Tuesday, November 16, 2010

Now That's a Novel Idea!

This video was sent to me recently.  I found it interesting because it clearly represents a couple of issues we face regularly with students. Boredom and Inattention!  This video is a perfect example of what we can do to help eliminate boredom while capturing our student's attention.

Text from email about the video:
Can you change people's habits and attitudes? Can you take a hard task and change people's conduct and attitudes by making a hard job seem fun?

Watch what a group of scientists did using fun or pleasure to get people to use a long staircase with a moving escalator right next to it. At first no one took the stairs; almost 97% of the people took the escalator. Notice how scientists changed how people reacted to climbing a long staircase as first choice. Now 66% more people took the stairs. This is not a joke but a practical value in life. In the video, you can observe what the scientists did and how they completely reversed human behavior by inserting fun.

They are saying that more people took the stairs because they made it fun. That's true, however, it was much more than just fun.  People didn't only take the stairs because it was fun.  The piano on the stairs was something they'd never seen before so it was NovelNovelty captures the brain's attention! If someone takes that route every day, they would probably go back to using the escalator once the Novelty of the piano on the stairs wore off.

So what does this mean for us as math teachers?
It means that we can use Novelty to help capture student's attention and help eliminate boredom Remember, something is only novel for a short time, so we have to continually find new ways to introduce novelty into our lessons.

Here are a few suggestions for using Novelty:
• show a video clip (Ex.  If you're teaching Circumference, find a short video clip of someone doing the hula hoop.  Show the video to introduce your lesson on circumference.)
• bring in a new object that relates to the lesson (Ex. If you're teaching Circumference, bring in hula hoops of different sizes. Have students use string and rulers to find the circumference of each hula hoop.)
• play a game
• have students make up songs or dances to go along with a skill or concept you're teaching
• use a new kind of manipulative
• use a new method for putting students into groups
• have students interview each other about the topic they are learning  (Ex.  Have students pretend to be a talk show host or news reporter.  Have them write questions they would ask about Circumference.  Then have them take turns interviewing their partner about the given topic.)
• have a guest speaker or teacher  (If another teacher in the building teaches the same thing as you, try trading classes for a day.  Or, ask the principal, counselor, or someone else in the building to come in and work through a problem with students.)
• have students text their parent about the topic/concept their learning
• tell a story that relates to topic you're teaching  (Ex.  Tell a story about an experience you had on a Farris Wheel before teaching a lesson on Circumference.)
• use a new type of technology

Stay tuned for more suggestions and lesson ideas for using Novelty in future posts!

Friday, November 12, 2010

What do Questioning Strategies have to do with Expectations?

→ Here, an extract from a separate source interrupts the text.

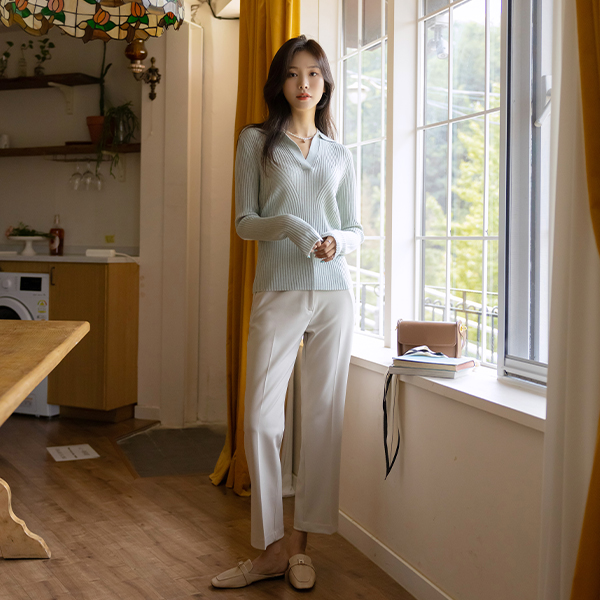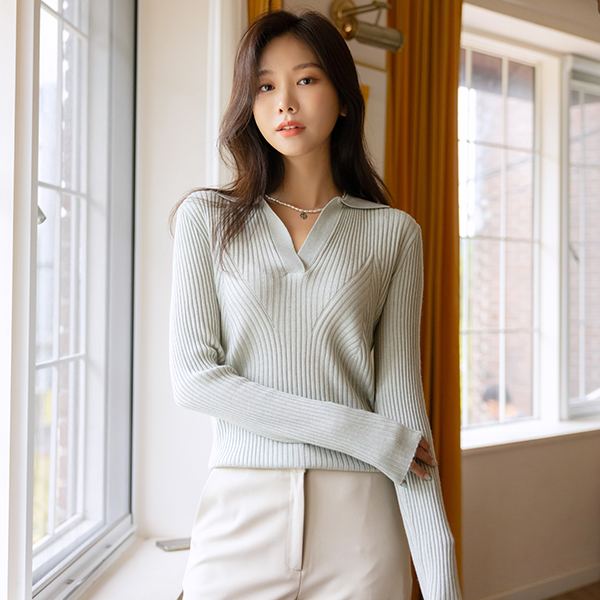 柔丝 触摸 半开 领子 条绒 针织衫

I've been researching questioning stategies recently.  It turns out that I'm learning a lot more than I thought I would.  As part of my research, I've come across some fantastic examples of questioning by math teachers.  These examples got me thinking about our expectations of students and how our questioning techniques reflect these expectations.

What do we expect from our students?  Do we expect them to wait for us to work through the problem for them? Or, do we expect students to think through problems on their own?  Do we expect students to communicate mathematically?

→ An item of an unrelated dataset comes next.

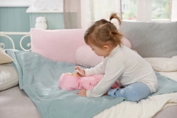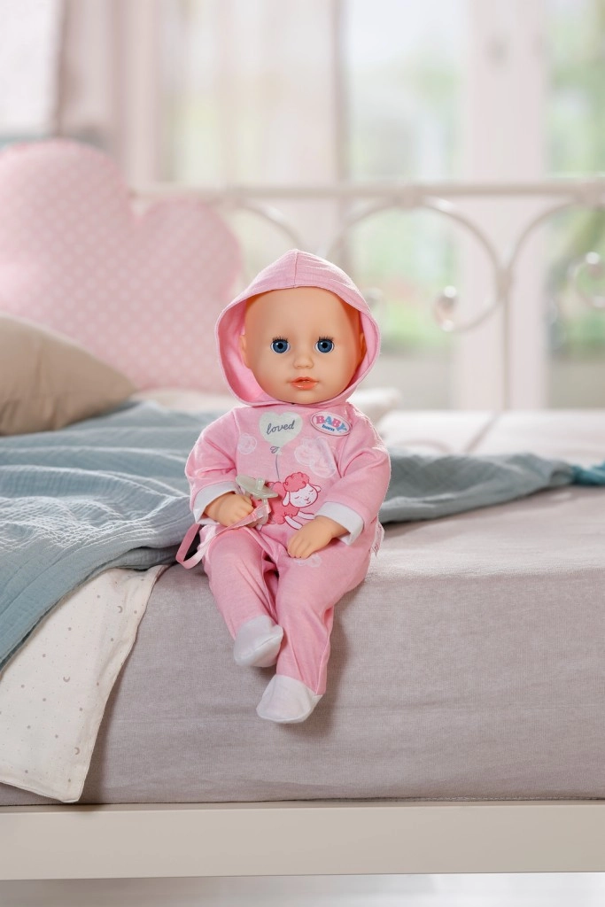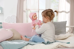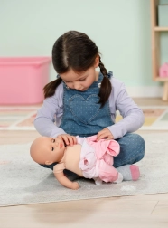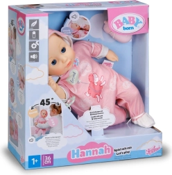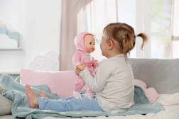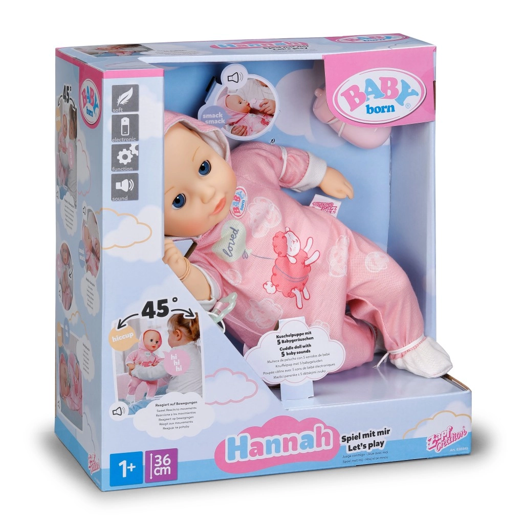 Descoperă farmecul jocurilor de îngrijire cu păpușa BABY born Hannah – hai să ne jucăm. Datorită corpului moale, este plăcută la atingere, stă minunat în brațe și invită la alint. Copiilor le va plăcea interacțiunea simplă – păpușa scoate sunete dulci de bebeluș, la hrănirea cu biberonul se aud sunete drăgălașe de băut, iar la adormire toarce ușor și închide ochii.

The way we question students is directly related to our expectations of them.  The questions we ask, or don't ask, imply our expectations.  The following examples demonstrate questioning strategies of teachers who expect students to think and communicate about thier learning.

Check out this masterful questioning of an Algebra student by David Cox.  He uses a series of questions to get his student past "I don't know how to do this."  How often have we heard that one?!  He helps the student focus on what they do know in order to answer the given problem.  His questioning techniques speak volumes of his expectation that the student do the thinking.  I would also guess that the student felt much more satisfaction and confidence at the end of conversation than they would have if David had worked the problem for them.

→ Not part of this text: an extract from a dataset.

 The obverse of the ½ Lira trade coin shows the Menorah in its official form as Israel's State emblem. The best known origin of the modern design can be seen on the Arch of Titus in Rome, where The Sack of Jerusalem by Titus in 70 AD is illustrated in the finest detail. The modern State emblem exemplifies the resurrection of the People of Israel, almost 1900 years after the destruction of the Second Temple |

Tom Woodward's videos (see videos below) provide another example of excellent questioning in a math classroom.  This teacher is a master of facilitating mathematical discourse.  She continually requires the students to do the thinking and communicating about the problem they are solving.  What struck me was that whether the students were right or wrong in their thinking, the teacher never stopped asking questions to get them to communicate with each other.  At one point a student is speechless when asked a question by the teacher.  A few questions later, he is jumping right in with his thoughts.

Here's the problem that is being solved by students in the following videos.  In his post, Tom said the teacher had the questions more clearly delineated.  I would also suggest reformatting the question before using it with students.

Math Questioning from Tom Woodward on Vimeo.

Refining Solutions from Tom Woodward on Vimeo.

The teacher in this video expected her students to discuss the problem among themselves.  Everything she did in her conversations with students indicated that expectation.  I noticed how excited the student's were about solving the problem.  They really seemed to be enjoying the process of problem solving.  Wouldn't we all love see students enjoying problem solving in math class?!

My take away from these examples is that we must align our expectations and our questioning techniques.  If we expect our students to problem solve and communicate mathematically, we should use questions to help guide the way rather than giving in and doing the thinking for them.